Raitt believes she “got a foot in the door” because of her unique “bottleneck” style of playing. And there weren’t many women playing like she which made her “unusual”.
“The appreciation for women instrumentalists and the opportunities for women to play in bands has grown. I think the days of someone saying you have to look a certain way or play a certain way to play in a band are over,” she said.
Raitt struggled in the early years of her career to cross over on to the pop charts and also wrestled with alcohol and substance abuse.

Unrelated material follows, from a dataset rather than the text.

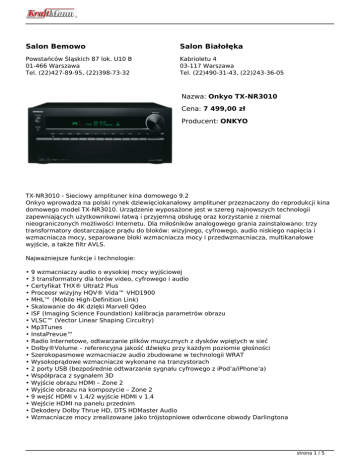 Salon Bemowo Salon Białołęka Powstańców Śląskich 87 lok. U10 B 01-466 Warszawa Tel. (22)427-89-95, (22)398-73-32 Kabrioletu 4 03-117 Warszawa Tel. (22)490-31-43, (22)243-36-05 Nazwa: Onkyo TX-NR3010 Cena: 7 499,00 zł Producent: ONKYO TX-NR3010 - Sieciowy amplituner kina domowego 9.2 Onkyo wprowadza na polski rynek dziewięciokanałowy amplituner przeznaczony do reprodukcji kina domowego model TX-NR3010. Urządzenie wyposażone jest w szereg najnowszych technologii zapewniających użytkownikowi łatwą i przyjemną obsługę oraz korzystanie z niemal nieograniczonych możliwości Internetu. Dla miłośników analogowego grania zainstalowano: trzy transformatory dostarczające prądu do bloków: wizyjnego, cyfrowego, audio niskiego napięcia i wzmacniacza mocy, separowane bloki wzmacniacza mocy i przedwzmacniacza, multikanałowe wyjście, a także filtr AVLS. Najważniejsze funkcje i technologie: • • • • • • • • • • • • • • • • • • • • • • 9 wzmacniaczy audio o wysokiej mocy wyjściowej 3 transformatory dla torów video, cyfrowego i audio Certyfikat THX® Ultrat2 Plus Proceosr wizyjny HQV® Vida™ VHD1900 MHL™ (Mobile High-Definition Link) Skalowanie do 4K dzięki Marvell Qdeo ISF (Imaging Science Foundation) kalibracja parametrów obrazu VLSC™ (Vector Linear Shaping Circuitry) Mp3Tunes InstaPrevue™ Radio Internetowe, odtwarzanie plików muzycznych z dysków wpiętych w sieć Dolby®Volume – referencyjna jakość dźwięku przy każdym poziomie głośności Szerokopasmowe wzmacniacze audio zbudowane w technologii WRAT Wysokoprądowe wzmacniacze wykonane na tranzystorach 2 porty USB (bezpośrednie odtwarzanie sygnału cyfrowego z iPod’a/iPhone’a) Współpraca z sygnałem 3D Wyjście obrazu HDMI – Zone 2 Wyjście obrazu na kompozycie – Zone 2 9 wejść HDMI v 1.4/2 wyjście HDMI v 1.4 Wejście HDMI na panelu przednim Dekodery Dolby Thrue HD, DTS HDMaster Audio Wzmacniacze mocy zrealizowane jako trójstopniowe odwrócone obwody Darlingtona strona 1 / 5 • • • • • • • • • • • • • • • Niezależne i izolowane bloki: wzmacniacza mocy i przedwzmacniacza Cyfrowy podział pasma w zwrotnicy Duże wejścia (odstęp 19mm) dla gramofonu i CD/TV Dyferencyjny tryb pracy DAC dla kanałów przednich Audyssey DSX™ i Dolby® Pro Logic® IIz DTS Neo:X™ Zone 2/3 (wyjście liniowe i głośnikowe) Moc 9x200W/6Ω Regulacja barwy tonu dla każdego kanału (Bass/Treble) Cztery wyjścia na subwoofery niezależną regulacją parami Praca z głośnikami 4Ω Wyjście Pre-Out 11.4 Wejście gramofonowe Wyjścia głośnikowe usytuowane w jednej linii Pobór mocy 1010W MHL™ (Mobile High-Definition Link) zapewnia reprodukcję sygnału zawierającego obraz 1080p i dźwięk 7.1, który dostarczony jest do wejścia HDMI umieszczonego na panelu przednim amplitunera z dowolnego przenośnego urządzenia współpracującego z tą technologią. Technologia zapewnia ładowanie i sterowanie smartfona. Technologia InstaPrevue™ zapewnia wyświetlanie w podglądach (PiP) sygnałów wizyjnych pochodzących ze źródeł dopiętych do wejść HDMI. Ułatwia to znacznie ustalenie do którego wejścia przyporządkowane jest konkretne źródło, pozwala także na błyskawiczne przełączanie między źródłami (łącznie z dźwiękiem). Umiejscowienie podglądów na ekranie może być wybrane z opcji: lewa strona, góra, prawa strona, dół. Onkyo TX-NR3010 posiada połączenie z Internetem (bezprzewodowo z opcjonalną przystawką UWF-1), a także z plikami muzycznymi znajdującymi się na dyskach wpiętych w sieć (odtwarza pliki: MP3, WMA, WMA Lossless, FLAC, WAV, Ogg Vorbis, AAC, LPCM). Dzięki dostępowi do sieci możliwe jest korzystanie z radia internetowego, a także możliwy jest odbiór ulubionej muzyki z serwisów umieszczonych w chmurze takich jak: Spotify, AUPEO!, Simfy, vTuner czy MP3tunes. Dostęp do stacji internetowych i serwerów muzycznych uzależniony jest od miejsca lokalizacji użytkownika. Połączenie z Internetem umożliwia także unowocześnienie oprogramowania. Amplituner posiada prestiżowy certyfikat THX Ultra2 Plus™, który świadczy o tym, że urządzenie zapewnia odtwarzanie filmowej ścieżki dźwiękowej ze wzorcową jakością i wysoką głośnością (110dB), w pomieszczeniach o powierzchni do 35m2 (zakładając wysokość 2.5m). Certyfikat THX nadawany jest urządzeniom domowym, ale odnajdziemy go także w kilku tysiącach perfekcyjnie nagłośnionych sal kinowych na całym świecie. Dziewięć wejść HDMI v 1.4 z 3D i 2 wyjścia zapewniają doskonałą integrację urządzeń takich jak odtwarzacz Blu-ray Disc, tuner satelitarny czy konsola gier. Łącze wyjściowe HDMI MAIN wyposażone jest w technologię ARC (kanał powrotny) dzięki czemu można słuchać z bardzo dobrą jakością sygnału audio z telewizora, a sygnał wizyjny z wyjścia HDMI SUB może być dostarczony do Zone 2. W TX-NR3010 zastosowano zaawansowany technologicznie procesor wizyjny HQV® Vida™ VHD1900, który potrafi wygładzić każdy obraz, a Dodatkowo amplituner wyposażony jest w procesor wizyjny Marvell Qdeo, który potrafi przeskalować sygnał z HDMI do postaci 4K (3840x 2160). Dostępna jest także rozbudowana regulacja parametrów obrazu ISF (Imaging Science Foundation). Pilot zdalnego sterowania Onkyo zawiera przycisk „Q” pod którym ukryte są regulacje podstawowych parametrów amplitunera umieszczone na przeźroczystym tle tak by nie przeszkadzać w oglądaniu obrazu. Opcja nazywa się Quick Setup. Ułatwia to regulację urządzenia czy chwilową zmianę parametrów. Funkcja dostępna na wyjściu HDMI. strona 2 / 5 Na panelu frontowym amplitunera odnajdziemy port USB (drugi na panelu tylnym) do którego możemy doprowadzić dźwięk cyfrowy z iPod’a/iPhone’a lub pamięci flash. Onkyo udostępnia aplikacje: „Onkyo Remote App 2 for iPod touch/iPhone”*¹ oraz „Onkyo Remote for Android”*² które zapewn

But after she cleaned up, her 10th record Nick Of Time, released in 1989 made her a star, winning three Grammys and landing on Rolling Stone’s 500 Greatest Albums of all time list. She also features on their rolls call of the greatest guitarists and singers in pop history.
Raitt applies her idiosyncratic playing and voice to the INXS hit Need You Tonight on her recent Dig In Deep album.
“From the very first time I heard that song, I knew I wanted to cover it,” she says.
“I knew I could slow it down a little bit, I love singing ‘Slide over here and give me a moment ... you are one of my kind’.
“Andrew Farriss has said he really likes our version, he’s a sweetheart and I’m thrilled they got it.”
Patti Smith performs again at the State Theatre on Monday, Bluesfest, Byron Bay on April 13-14 and Melbourne’s Hamer Hall on April 16-18 and Festival Hall on April 20.
Bonnie Raitt plays QPAC, Brisbane, April 12 and the Byron Bay Blues And Roots Festival from April 14.